[FOM] paraconsistent logic and computer science
Hartley Slater
slaterbh at cyllene.uwa.edu.au
Sat Oct 13 20:15:47 EDT 2007
Arnon Avron takes Nuel Belnap's line on the applicability of
paraconsistent logic:
> Turning now to CS and AI, I think that the answer to your question
>is here much simpler, and was given by Belnap long ago. The knowledge
>store in a KB (Knowledge Base) usually comes from different sources,
>and so might be contradictory. Now even if one thinks that consistency
>should eventually be restored to the KB, doing this in a reliable
>and efficient way might take time, and during that time the KB
>must continue to function as efficiently and reliably as possible.
>This can be done only if it uses during that time an inference mechanism that
>tolerates the existence of contradiction (and since a KB
>is frequently updated, such a mechanism might be practically needed
>all the time).
But this will not do, for at least four reasons.
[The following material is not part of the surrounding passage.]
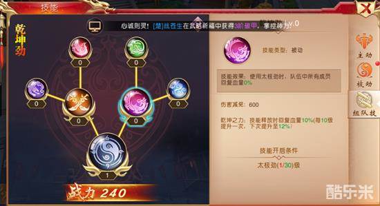 《战国之道》游戏中,玩家创建角色进入游戏之后即默认开启技能系统,技能分为主动技能、被动技能、组队技能三种。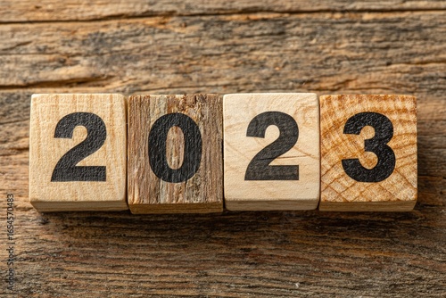 © Accordpansy, Fototapeta premium Wooden blocks spelling out 2023 on a rustic wooden surface (2)

First, one cannot have in the KB a series of facts including the fact
that p and the fact that -p, if '-' is classical negation, i.e.
contradiction, since just that is what is ruled out in that case.
On the other hand, if there are traces of the 'knowledge' sources
then what there might be in the KB are a series of facts of the form
'Snp', saying that source n claims that p. But then, while one might
have S1p, S1q...S2-p, S2q, etc., it would need not a paraconsistent
logic to arrive at consequences, but some kind of intensional logic.
What one more likely has in a KB, however, is not a series of facts,
but just a series of sentences, maybe with some indication of their
sources. And then, if both 'p', and '-p' are there, for some 'p', no
consequence at all follows without an interpretation being given to
the '-'. So while it might be convenient to give a temporary,
paraconsistent interpretation to the '-' for the purposes Avron
indicates, what he forgets is that this might be the quite proper
interpretation, given the intention of the source that says '-p'.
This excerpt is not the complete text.